Elsa chuckles and stands. "Not in the hall. Do tame that bed-head first, though," she advises laughingly. "I'll wait outside while you get ready."

But as she closes the door behind her, she sees that Kai and Gerda have been waiting for her in the corridor. The smile involuntarily falls from her face at this realization.

"Your Majesty," Kai wastes no time in saying, "there is much to be done." Quickly Gerda chimes in, "What is your first move?"

"I..." Elsa's words die on her lips. She tries desperately to remember something of her mother's teachings about ruling a kingdom, delivered at intervals during those years of isolation. The focus was always on protecting Elsa's secret rather than preparing her to take the throne — even though the latter was viewed as only a matter of time since her powers rendered marriage impossible, or at best highly problematic. _In troubled times, assure the people and assert authority with decisive action._ The words come to her vaguely, as though through a fog.

Anna emerges from the room just then, looking a good deal more presentable. "Hello," she says uncertainly, eyes darting to her sister as she tries to puzzle out what's going on. Her very presence pressures Elsa on some level to dismiss her advisors. _I wish it could be like this all the time_, Elsa remembers her sister commenting at her coronation ball, after they both crooned at the heavenly scent of chocolate in the air. She also recalls herself replying that it could not. _Perhaps it's time to change that_, she thinks now. It feels like too long that she's been doing things she should do, instead of things she wants to do. Elsa smiles, knowing just what to say. Grandly, she declares, "As I was saying: I wish Prince Hans and the Duke of Weselton to be sent home immediately, and Arendelle's trade ties with Weselton to be cut off." She takes special care to pronounce the name of the latter kingdom as _Weasel_-town.

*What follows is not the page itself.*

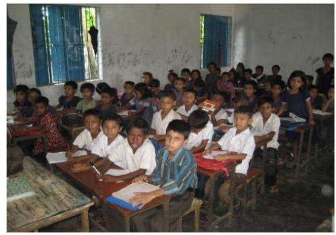
প্রাথমিক বিদ্যান শক্ষকদের প্রশিক্ষক বিষয়ে স্থানিক বাদ্যান কর্মনার্থনিক বাদ্যান বিষয়ে বিশ্বস্থান্তির বাশ্যান্ত্র বাদ্যান্ত্র বাদ্যান্ত্র বাদ্যান্ত্র বাদ্যান্ত্র বাদ্যান্ত্র বাদ্যান্ত্র বাদ্যান্ত্র বাদ্যান্ত্র বাদ্যান্ত্র বাদ্যান্ত্র বাদ্যান্ত্র বাদ্যান্ত্র বাদ্যান্ত্র বাদ্যান্ত্র বাদ্যান্ত্র বাদ্যান্ত্র বাদ্যান্ত্র বাদ্যান্ত্র বাদ্যান্ত্র বাদ্যান্ত্র বাদ্যান্ত্র বাদ্যান্ত্র বাদ্যান্ত্র বাদ্যান্ত্র বাদ্যান্ত্র বাদ্যান্ত্র বাদ্যান্ত্র বাদ্যান্ত্র বাদ্যান্ত্র বাদ্যান্ত্র বাদ্যান্ত্র বাদ্যান্ত্র বাদ্যান্ত্র বাদ্যান্ত্র বাদ্যান্ত্র বাদ্যান্ত্র বাদ্যান্ত্র বাদ্যান্ত্র বাদ্যান্ত্র বাদ্যান্ত্র বাদ্যান্ত্র বাদ্যান্ত্র বাদ্যান্ত্র বাদ্যান্ত্র বাদ্যান্ত্র বাদ্যান্ত্র বাদ্যান্ত্র বাদ্যান্ত্র বাদ্যান্ত্র বাদ্যান্ত্র বাদ্যান্ত্র বাদ্যান্ত্র বাদ্যান্ত্র বাদ্যান্ত্র বাদ্যান্ত্র বাদ্যান্ত্র বাদ্যান্ত্র বাদ্যান্ত্র বাদ্যান্ত্র বাদ্যান্ত্র বাদ্যান্ত্র বাদ্যান্ত্র বাদ্যান্ত্র বাদ্যান্ত্র বাদ্যান্ত্র বাদ্যান্ত্র বাদ্যান্ত্র বাদ্যান্ত্র বাদ্যান্ত্র বাদ্যান্ত্র বাদ্যান্ত্র বাদ্যান্ত্র বাদ্যান্ত্র বাদ্যান্ত্র বাদ্যান্ত্র বাদ্যান্ত্র বাদ্যান্ত্র বাদ্যান্ত্র বাদ্যান্ত্র বাদ্যান্ত্র বাদ্যান্ত্র বাদ্যান্ত্র বাদ্যান্ত্র বাদ্যান্ত্র বাদ্যান্ত্র বাদ্যান্ত্র বাদ্যান্ত্র বাদ্যান্ত্র বাদ্যান্ত্র বাদ্যান্ত্র বাদ্যান্ত্র বাদ্যান্ত্র বাদ্যান্ত্র বাদ্যান্ত্র বাদ্যান্ত্র বাদ্যান্ত্র বাদ্যান্ত্র বাদ্যান্ত্র বাদ্যান্ত্র বাদ্যান্ত্র বাদ্যান্ত্র বাদ্যান্ত্র বাদ্যান্ত্র বাদ্যান্ত্র বাদ্যান্ত্র বাদ্যান্ত্র বাদ্যান্ত্র বাদ্যান্ত্র বাদ্যান্ত্র বাদ্যান্ত্র বাদ্যান্ত্র বাদ্যান্ত্র বাদ্যান্ত্র বাদ্যান্ত্র বাদ্যান্ত্র বাদ্যান্ত্র বাদ্যান্ত্র বাদ্যান্ত্র বাদ্যান্ত্র বাদ্যান্ত্র বাদ্যান্ত্র বাদ্যান্ত্র বাদ্যান্ত্র বাদ্যান্ত্র বাদ্যান্ত্র বাদ্যান্ত্র বাদ্যান্ত্র বাদ্যান্ত্র বাদ্যান্ত্র বাদ্যান্ত্র বাদ্যান্ত্র বাদ্যান্ত্র বাদ্যান্ত্র বাদ্যান্ত্র বাদ্যান্ত্র বাদ্যান্ত্র বাদ্যান্ত্র বাদ্যান্ত্র বাদ্যান্ত্র বাদ্যান্ত্র বাদ্যান্ত্র বাদ্যান্ত্র বাদ্যান্ত্র বাদ্যান্ত্র বাদ্যান্ত্র বাদ্যান্ত্র বাদ্যান্ত্র বাদ্যান্ত্র বাদ্যান্ত্র বাদ্যান্ত্র বাদ্যান্ত্র বাদ্যান্ত্র বাদ্যান্ত্র বাদ্যান্ত্র বাদ্যান্ত্র বাদ্যান্ত্র বাদ্যান্ত্র বাদ্যান্ত্র বাদ্যান্ত্র বাদ্যান্ত্র বাদ্যান্ত্র

Goal: "Promoting education rights and inclusion of children with disabilities in to mainstream education system increased" and "An inclusive Employment Environment is created for Persons with Disabilities".

The two advisors look appalled. "Your Majesty," Gerda begins to say, "surely this is all quite rash—"

But Elsa can feel Anna's eyes on her, shining with an eagerness to play that is rapidly going dull with disappointment, and unwittingly egging her on. "No," Elsa responds haughtily, "See to it that these tasks are carried out, please. I have important business to attend to."

Kai and Gerda exchange worried glances. But the butler maintains decorum, politely asking, "Of course. Will that be all?"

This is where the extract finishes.